Otras actividades económicas involucradas


• Explotación maderera en manglares • Pesca camaronera con redes de arrastre y portalones • Venta de especies comerciales y de fauna silvestre • Transporte, especialmente a través de los caños • Turismo

Commodities o recursos naturales involucrados


Petróeo

Resumen y descripción del proyecto


En 1994, Pdvsa otorgó la concesión del campo de Perdernales a la British Petroleum, bajo la modalidad de Convenio Operativo. Para ese año se previó la explotación de 48.000 hectáreas del campo Pedernales, con lo que se alcanzaría una producción de hasta 200.000 barriles de petróleo diarios (Bustamante y Scarton, 1999, en DiChiro, 1999). En el caso del campo Corocoro, se proyectó en 1998 que para el 2005 se estarían extrayendo 55.000 barriles diarios (Lasso et al, 2004). Hacia 1999 ya las actividades de explotación habían avanzado y se podía constatar la extensión de las construcciones para el desarrollo de la actividad, la persistencia de un programa de explosiones sísmicas para detección de hidrocarburos, derrames constantes, disposición de desechos contaminantes en fosas excavadas y a cielo abierto en las orillas de los caños Manamo-Manamito y La Ladera-Los Playones. Se seguía del proyecto la construcción de una red de plataformas y tuberías para la extracción, almacenamiento y transporte del crudo desde la boca de Pedernales hasta la isla de Capure y de ahí a una flota de gabarras, que transportarían el petróleo hasta Trinidad (Bustamante y Scarton, 1999, en DiChiro, 1999). En el caso del campo Corocoro, este estaba en fase exploratoria por parte de Conoco Phillips de 1999 a 2002 cuando se comenzaron a realizar los estudios de impacto ambiental por parte de Conservation International (Lasso et al, 2004). Desde 2008 la empresa mixta Petrosucre formada en sociedad con la empresa italiana ENI está a cargo de las tareas de explotación en Corocoro, mientras que Petrowarao, empresa mixta formada junto con la francesa Perenco, están a cargo de la explotación en Pedernales (Petroguía, 2015). Esto último vía decreto presidencial N° 4.971 en Gaceta Oficial N° 38.533 del 29 de septiembre del 2016. Desde agosto del 2017, ambas empresas comparten un mismo transporte que consiste en un buque Aframax “BT Knutsen” el cual contiene cámaras separadas para almacenar la producción de los dos campos y transporta el crudo hasta Curazao (El Universal, 2017). Para el 2015 se calculaba una producción acumulada de 89 millones de barriles de crudo, solo en la plataforma ‘4 de Febrero’ que entrara en operaciones en el 2012 en el campo Corocoro (Petroguía, 2015). Esta estructura tiene capacidad para producir 70.000 barriles diarios y está construida enteramente en Venezuela, con materiales y mano de obra venezolana (AVN, 2017; Pdvsa, 2017).
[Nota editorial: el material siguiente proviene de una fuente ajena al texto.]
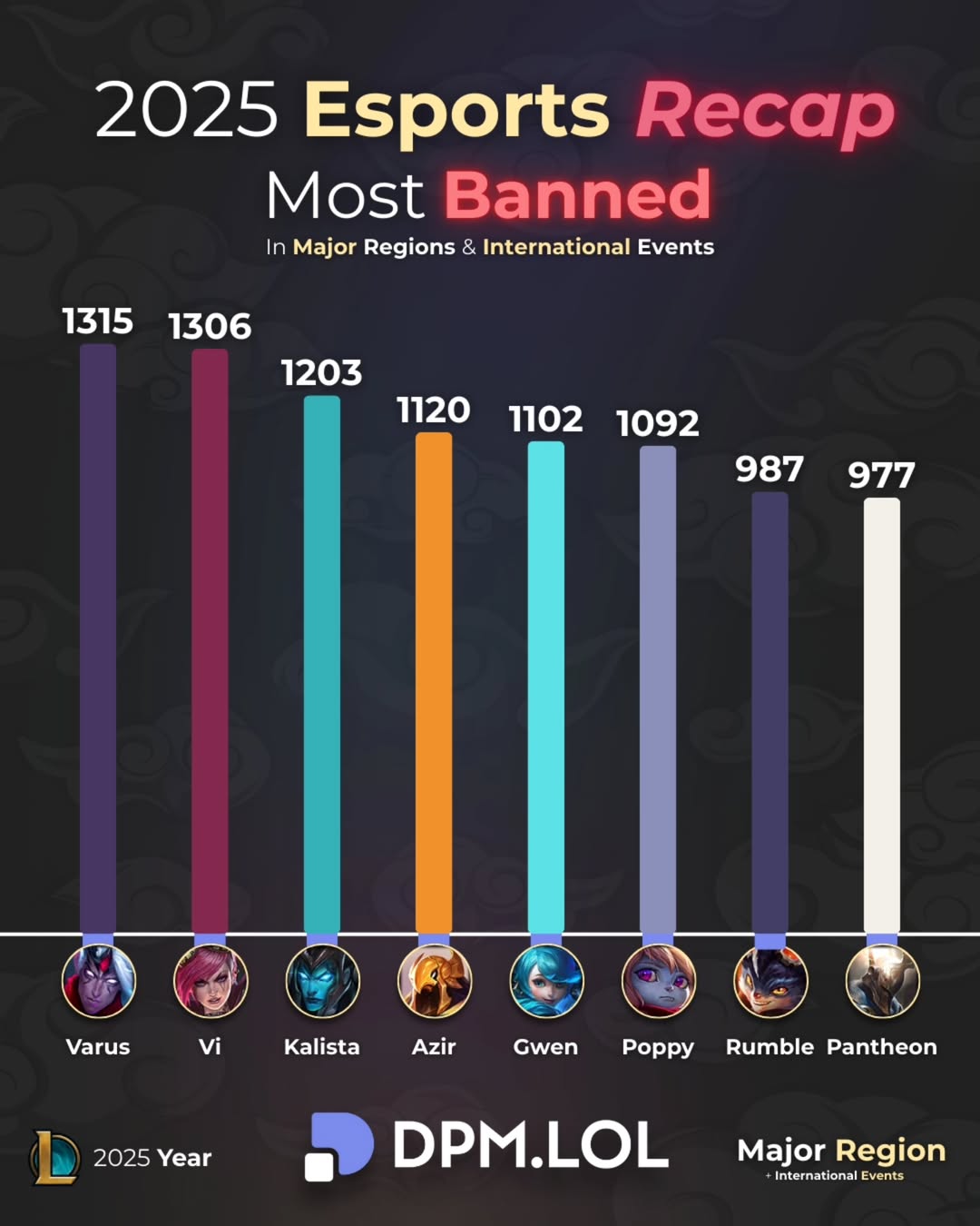外媒统计2025英雄禁用次数:韦鲁斯、蔚、滑板鞋前三
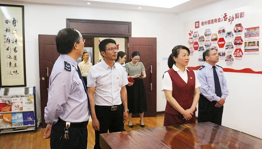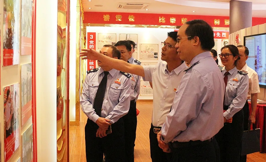 由稅務(wù)局黨組書(shū)記、局長(zhǎng)陳懿帶隊(duì)的交流團(tuán)在百裕黨支部書(shū)記曾晏來(lái)的帶領(lǐng)下,參觀(guān)黨建中心、黨群活動(dòng)室,了解我公司黨建工作。
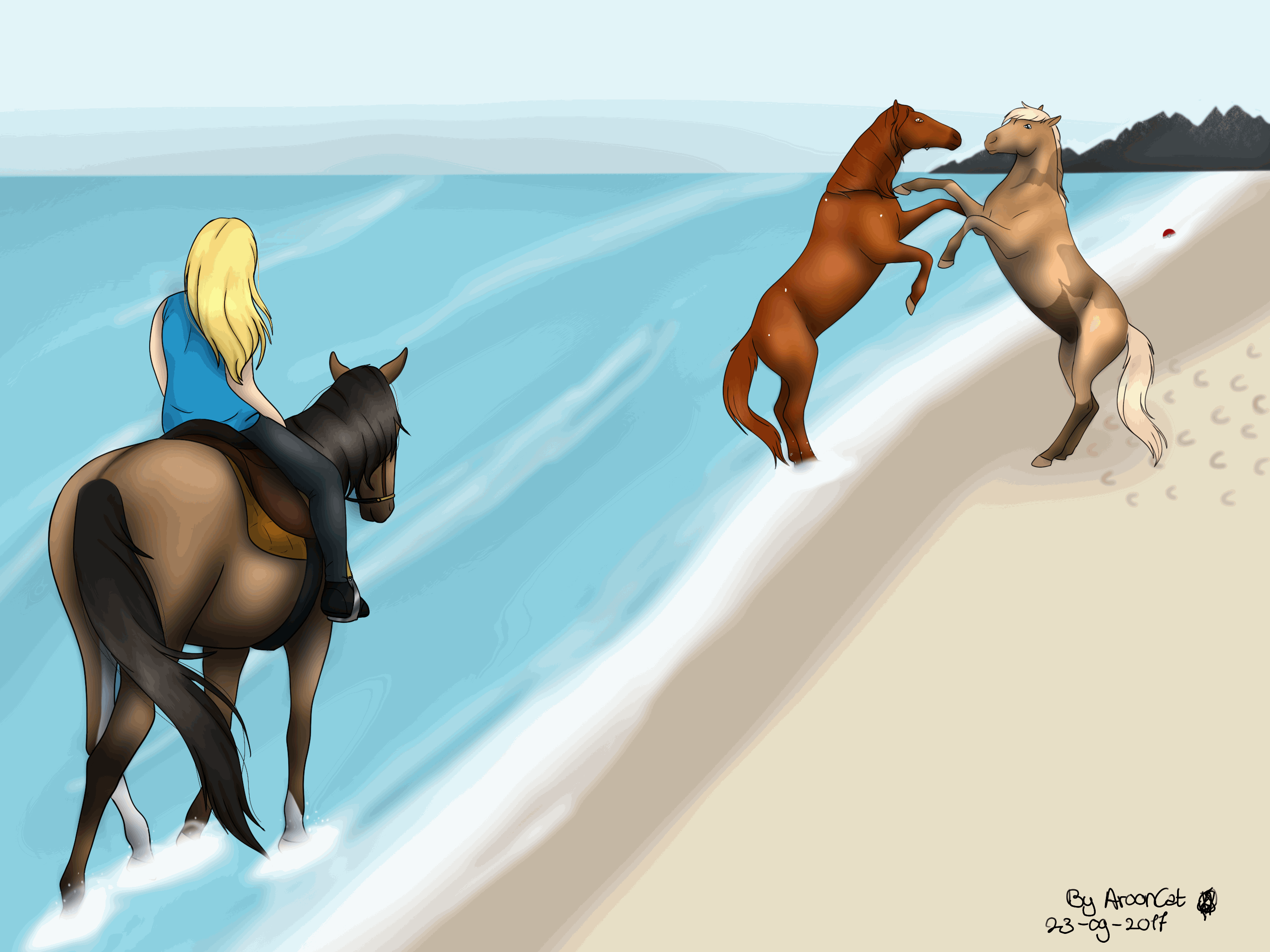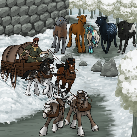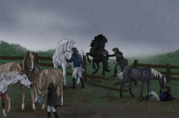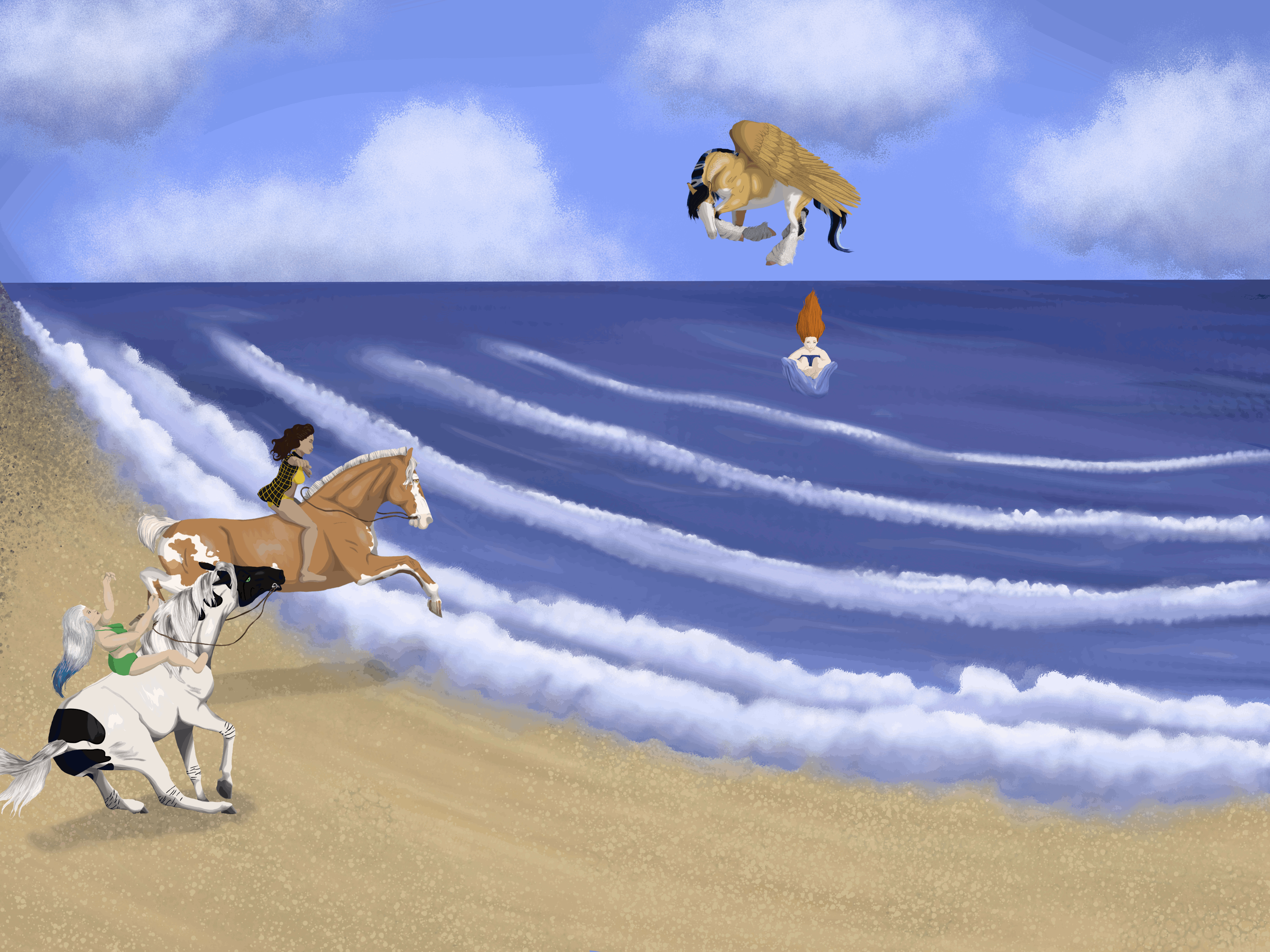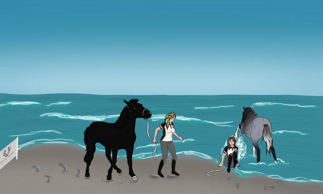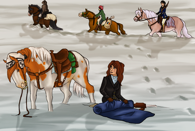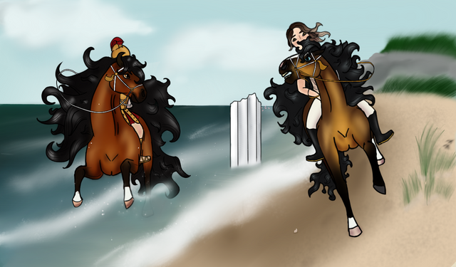 The beaches, in preparation for the Scorpio Races! I love drawing the Piebald mare!This started out small and just kind of...grew. lol

Empresas privadas nacionales e internacionales involucradas


• British Petroleum (primera concesión en Pedernales) • Jantessa, C.A. (primeros estudios de impacto ambiental en Pedernales) • DeltaLog (primeras encargada de la gestión de desechos en Pedernales) • Dekanter (primeras encargada de la gestión de desechos en Pedernales) • Conoco Phillips (primera concesión en Corocoro) • Conservation International-Venezuela (primeros estudios de impacto ambiental en Corocoro) • ENI [Italia] - 26% de participación accionaria en la empresa mixta Petrosucre • Perenco [Francia] - 40% de participación accionaria en la empresa mixta Petrowarao

Actores gubernamentales y compañías nacionales relevantes


• Petróleos de Venezuela, S.A. • Ministerio del Poder Popular de Petróleo • Ministerio del Poder Popular para Ecosocialismo y Aguas • Ministerio de pueblos indígenas • Petrosucre [empresa mixta formada por Pdvsa (74%) y ENI (26%)] (actual explotación petrolera y gasífera en Corocoro) • Petrowarao [empresa mixta formada por Pdvsa (60%) y Perenco (40%)] (actual explotación petrolera y gasífera en Pedernales)

Instituciones Internacionales y Financieras involucradas


No se registran

Nivel de las inversiones (en US$ o en Bs.)


Se registra una inversión de 600 millones US$ tan solo en la Plataforma ‘4 de Febrero’ del campo Corocoro. Esta plataforma entró en operaciones en el año 2012 (AVN, 2017). En 2014 se registró una inversión de 420 millones US$ por parte de Perenco para el fortalecimiento de Petrowarao, la encargada de la explotación en Pedernales y otros campos en el Lago de Maracaibo (Petroguía, 2014; Noticias24, 2014). En agosto de 2017 se hicieron reuniones para evaluar nuevas inversiones de Perenco por 400 millones US$ pero aparentemente para fortalecer e incrementar la explotación en Zulia (MPPP. 2017). No se ha hallado registro del histórico de inversiones para el proyecto de Pedernales.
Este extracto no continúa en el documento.